- [Your assignment] Needed from the data below: every line from the one with "Калугафармация, аптека по" up to and including the one with "The Zoom in", repeated exactly and with nothing else.

- [Listed records]
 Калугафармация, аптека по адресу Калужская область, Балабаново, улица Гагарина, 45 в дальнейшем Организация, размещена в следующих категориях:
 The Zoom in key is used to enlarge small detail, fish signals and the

...

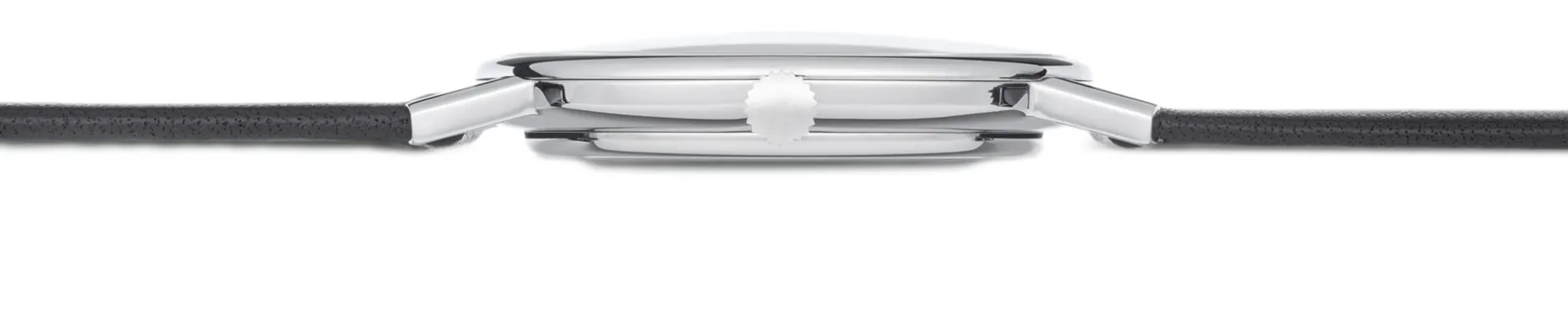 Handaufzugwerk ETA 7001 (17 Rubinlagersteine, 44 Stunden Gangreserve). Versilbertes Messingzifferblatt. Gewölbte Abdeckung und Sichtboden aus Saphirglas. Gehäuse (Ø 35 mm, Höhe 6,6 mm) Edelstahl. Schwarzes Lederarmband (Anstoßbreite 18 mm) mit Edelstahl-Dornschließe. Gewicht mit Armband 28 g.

- [Result of this exercise]
 Калугафармация, аптека по адресу Калужская область, Балабаново, улица Гагарина, 45 в дальнейшем Организация, размещена в следующих категориях:
 The Zoom in key is used to enlarge small detail, fish signals and the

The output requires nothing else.